## Extracting text from `pdf`s and other files

The [`textract` Python package](https://textract.readthedocs.io/en/latest/python_package.html#python-package) is, apparently, a good way of getting texts out of `.pdf` files. Let us play around with it here:

In [3]:
saved_api_key = "YOUR GOOGLE TTS KEY"

In [2]:
import textract

ModuleNotFoundError: No module named 'textract'

Here, we will experiment with a simple file, with no images and almost entirely text. You can check out the file, and if you're a fan of algebra and rings, try the questions(!)

In [None]:
rings_file = textract.process("ram_questions.pdf", method='pdfminer', encoding='utf8')
print(rings_file)

Of course, it is always worth checking how in date a post is, as the above is unreadable (and nothing like what the output should look like!) Back to searching, PyMuPDF has been suggested, let's see if that is any better:

In [None]:
import fitz
doc_mr = fitz.open("ram_questions.pdf")
for page in doc_mr:
    print(page.get_text())

Yes, that's much better, and what I was looking for. Now, we can then use this to grab the text from a `.pdf`, and use it for whatever we need to. The [documentation is here](https://pymupdf.readthedocs.io/en/latest/index.html), in particular note the [`Page.get_text()` method](https://pymupdf.readthedocs.io/en/latest/page.html#Page.get_text).

In [None]:
import requests

In [None]:
doc_mr[0].get_text() # note that the pages objects are zero based, unlike the "natural" page numbering

In [None]:
print(doc_mr[0].get_text())

In [None]:
type(doc_mr[0].get_text())

Now, I'm trying to work with the [iSpeech API](https://www.ispeech.org/), but the email verification hasn't come through yet. Ah, well...

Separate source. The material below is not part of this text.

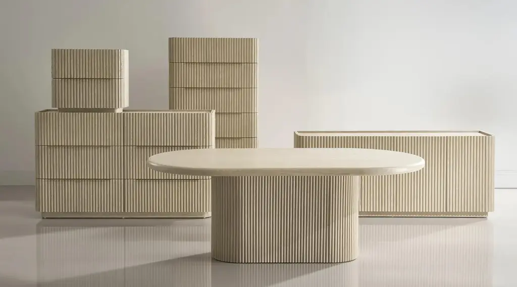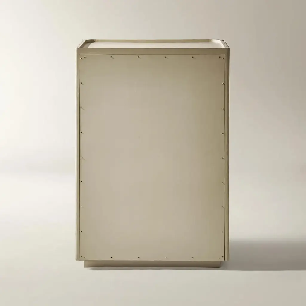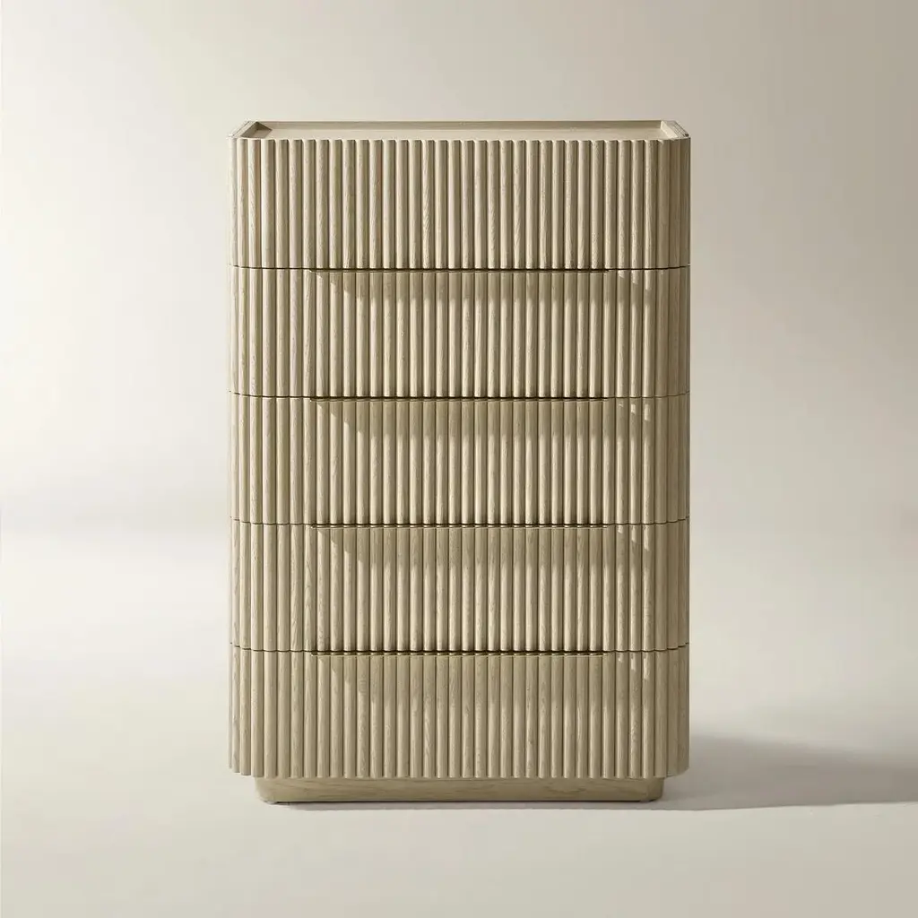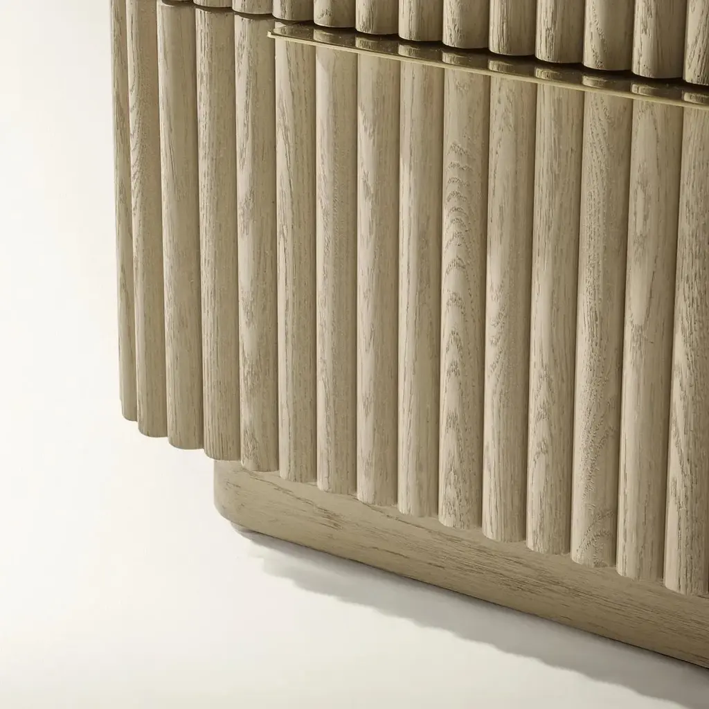 The Stria 5-Drawer Chest offers a sculptural approach to everyday storage. Its tall, vertical profile is wrapped in reeded solid oak, creating a tactile rhythm of shadow and texture. Light gold-plated trim and polished stainless steel end caps add refined contrast, making this reeded wood chest as visually striking as it is functional. Inside, five soft-close drawers open with a whisper and close with a satisfying hush, while a felt-lined top drawer protects your most delicate belongings. Thoughtfully engineered for quiet luxury and built to endure, this oak and gold chest brings vertical elegance to bedrooms, dressing areas, or curated corners throughout the home.ZG Exclusive

The [Python `gtts` package](https://pypi.org/project/gTTS/) allows you to convert text locally, which is quite convenient as I do not particularly find any of the online versions satisfactory for some reason or another (and I would really not like to spend cash on an API that I do not intend on using long term).

In [None]:
from gtts import gTTS
for page in doc_mr:
    output = gTTS(text = page.get_text(), lang = 'en', slow = False)
    output.save(f"ram_questions_page{page.number + 1}.mp3") # again recall the pages start counting from zero, so add 1 to get correct numbering 

Great, but note that here we are saving the pages one by one. Is there a way to create one single file?

In [None]:
output_string = ""
for page in doc_mr:
    output_string += (" " + page.get_text()) 
output_long = gTTS(text = output_string, lang = 'en', slow = False)
output_long.save("rings_long_vers.mp3")

Note, of course, that the saving of the `.mp3`s and the processing of the `.pdf`s are intensive tasks which take a bit of time.

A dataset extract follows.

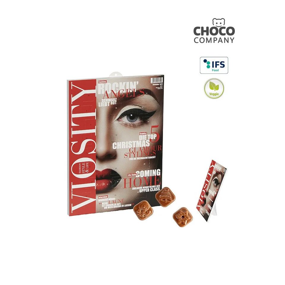 Calendrier mural et de table, format vertical ou horizontal, garni de chocolat au lait, 24 fenêtres, avec pièce emboutie rigide, collage triple.
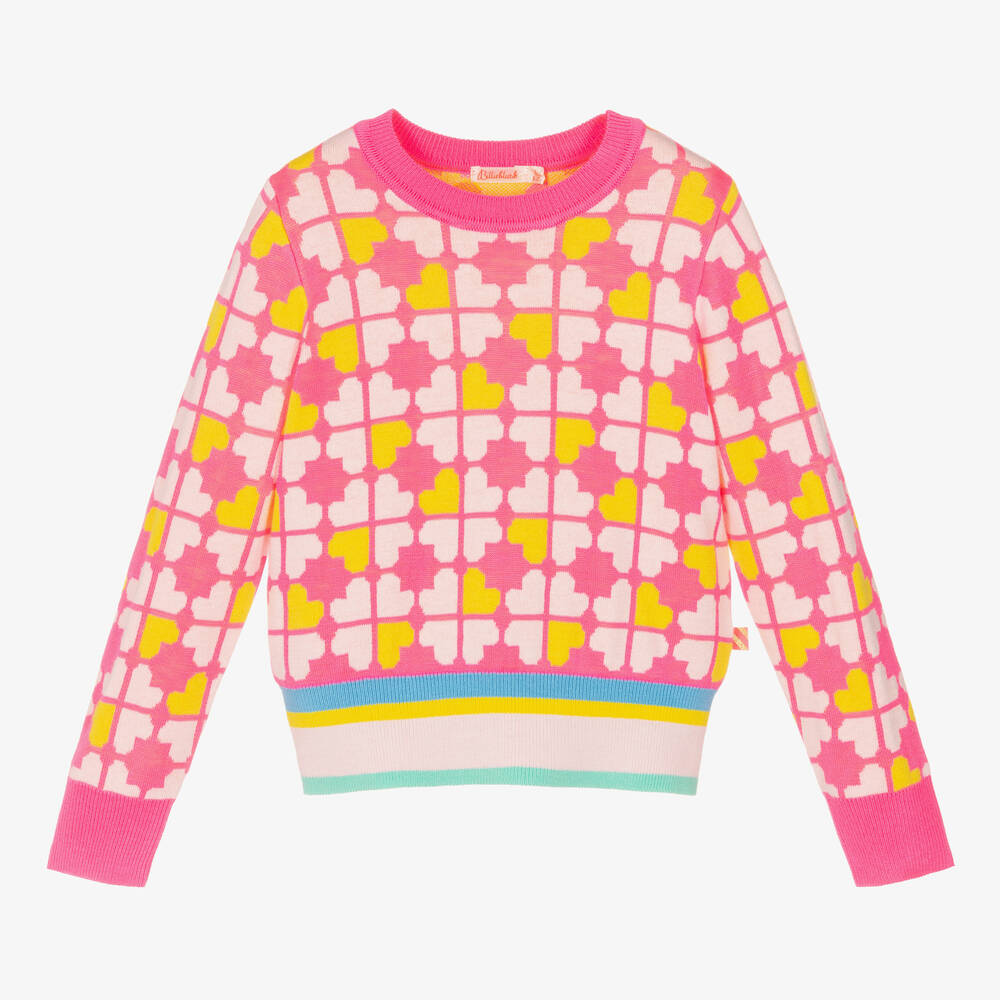Beautifully soft cotton and viscose blend sweater for girls by Billieblush, in the brand's signature neon pink. Eye-catching, it has a yellow and white four leaf clover pattern, incorporating little hearts in the design. The cosy, ribbed trims are in neon pink, and striped in blue, yellow, pink and green on the hem.

The `gTTS` package hasn't been perfect, and didn't seem to recognise the term "field" or "define" (lol), which may be down to how the source `.tex` file was compiled into a `.pdf`. However, it has recognised mathematical symbols and has spoken them correctly. Of course, some of the rendering is quite challenging to speak out (mathematics in general is like that, unfortunately).

---

While I'm not planning to actually use the Google API, as it requires a phone number (which can be used for more than just verification), I'll see how I would use it if I had access to it (you know, without needing to expose myself any more than possible!)

In [None]:
gctts_url = f"https://texttospeech.googleapis.com/v1/text:synthesize?key={saved_api_key}"
gctts_paramets = {
  "audioConfig": {
    "audioEncoding": "MP3"
  },
  "voice": {
    "languageCode": "en"
  },
  "input": {
    "text": output_string[:5000]
  }
} # there is a 5000 character limit to the api
#gctts_headers = {"key" : saved_api_key}
resp = requests.post(url = gctts_url, json = gctts_paramets) #, headers = gctts_headers)
#print(resp.json()) # don't do this, you'll regret it

Now, we need to run some terminal prompts from here, which we can do from the `os` module.

In [None]:
import os

In [None]:
file_ttf = open("synthesize-text.txt","w")
file_ttf.write(resp.json()["audioContent"])
file_ttf.close()

In [None]:
os.system("base64 synthesize-text.txt --decode > synthesize-text-audio.mp3")

...and voila! This works as we want it to, the output is listenable as per the others!

It looks like bedtime for me then, goodnight...